Des sièges vides lors du meeting du président américain Donald Trump à Tulsa (Oklahoma), le 20 juin 2020.  (WIN MCNAMEE / GETTY IMAGES NORTH AMERICA / GETTY IMAGES VIA AFP)

"L'action s'est propagée sur le Tik Tok alternatif"

Pendant que Donald Trump et son équipe se félicitent du nombre prodigieux de billets demandés, des internautes rient sous cape. "Le fait que Brad Parscale se vante d'avoir 800 000 personnes inscrites au meeting de Trump sans se rendre compte que 99% d'entre elles se sont inscrites pour un défi Tik Tok est tout simplement hilarant", s'amuse l'un*. "J'ai tout un groupe de personnes qui commandent des billets en ligne pour gonfler ses chiffres et lui donner une fausse impression de fréquentation. Quand il n'y aura personne, on va bien rigoler", tweete un autre*.

Le youtubeur Elijah Daniel a livré au New York Times quelques détails sur l'organisation de cette opération d'enfumage à laquelle il a pris part. "Cela s'est propagé principalement à travers le Tik Tok alternatif. On a gardé ça du côté discret, là où les gens font des canulars et de l'activisme, raconte-t-il. Le Twitter K-pop et leTik Tok alternatif s'entendent bien et sont capables de partager l'information entre eux très rapidement. La plupart des gens qui ont fait [des posts sur l'action en préparation] les ont supprimés après le premier jour, parce qu'on ne voulait pas que l'équipe de Trump ait vent de ça."

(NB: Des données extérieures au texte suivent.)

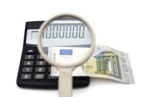 concept of accounting fraud with money,calculator,magnifier
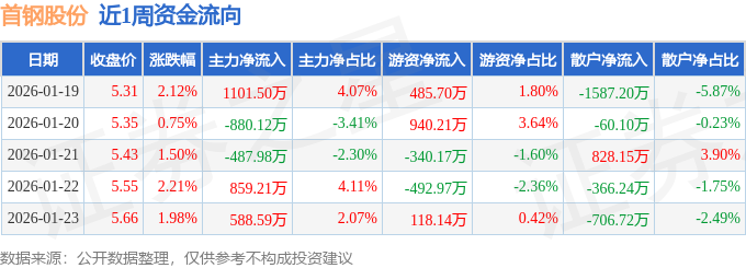 资金流向数据方面,本周首钢股份主力资金合计净流入1181.2万元,游资资金合计净流入710.91万元,散户资金合计净流出1892.11万元。本周资金流向一览见下表:

Des supporters du président américain Donald Trump lors d'un meeting le 20 juin 2020 à Tulsa.  (NICHOLAS KAMM / AFP)

"Nous avons sans cesse éliminé les faux numéros"

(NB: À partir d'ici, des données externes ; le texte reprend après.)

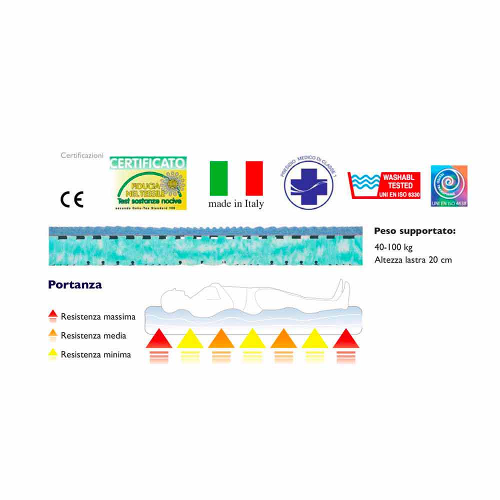 Por este motivo, recomendamos a utilização deste colchão, certificado como dispositivo médico de classe I , combinado com uma capa especialmente concebida com caixa topper integrada.

Le camp Trump se refuse à croire que ce complot sur Tik Tok a eu une incidence sur la participation. Dans un communiqué furieux*, Brad Parscale se défend en soulignant que ses équipes vérifient toujours les numéros de téléphone des demandes de billets et que les entrées au meeting sont attribuées par ordre d'arrivée. "Vous inscrire à un meeting signifie que vous avez réservé avec un numéro de téléphone portable et nous avons sans cesse éliminé les faux numéros, comme nous l'avons fait avec des dizaines de milliers de personnes au meeting de Tulsa, pour calculer notre base de participants possible", argumente-t-il. Brad Parscale se demande aussi si cela vaut bien la peine d'accréditer des journalistes, qu'il accuse de ne pas faire leur travail. 

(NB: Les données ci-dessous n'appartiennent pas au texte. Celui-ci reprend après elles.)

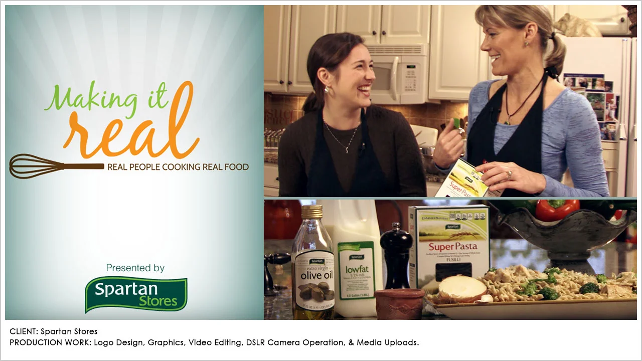 Making It Real was developed as an online video program and a live social event featuring various food vendors from Spartan Stores. Evolving Creativity LLC role in production was to develop the logo, graphics, and edit the video program into a 4-8 min program.

"Les gauchistes font ça tout le temps, martèle auprès de CNN Erin Perrine, directrice adjointe de la communication du candidat. Ils pensent que s'ils s'inscrivent pour ces billets, ils laisseront des sièges vides. Pas du tout. (…) Tout ce qu'ils font, c'est nous donner accès à leurs informations personnelles." Le directeur de la campagne numérique de Donald Trump, Gary Coby, a, lui, préféré compter les spectateurs qui auraient assisté virtuellement au meeting. Dans son dernier décompte*, il en dénombrait 10,1 millions.

"Leur fournir de fausses informations était un bonus"

Dans les commentaires laissés sous la vidéo de Mary Jo Laupp, des utilisateurs de Tik Tok ont discuté de la meilleure manière de procéder pour que le camp Trump ne puisse pas remonter jusqu'à eux. Certains ont suggéré de se servir d'un numéro Google Voice, d'autres ont proposé de passer par une ligne téléphonique connectée à internet. Une manière là encore d'enfumer leurs opposants. "Nous savons tous que la campagne Trump se nourrit de données, ils exploitent en permanence ces rassemblements pour recueillir des données, accuse Mary Jo Laupp dans le New York Times. Leur fournir de fausses informations était un bonus."

Elle poursuit, enthousiaste : "Il y a des adolescents dans ce pays qui ont participé à cette petite manifestation de non-présentation, qui pensent qu'ils peuvent avoir un impact sur notre système politique même s'ils ne sont pas assez âgés pour voter."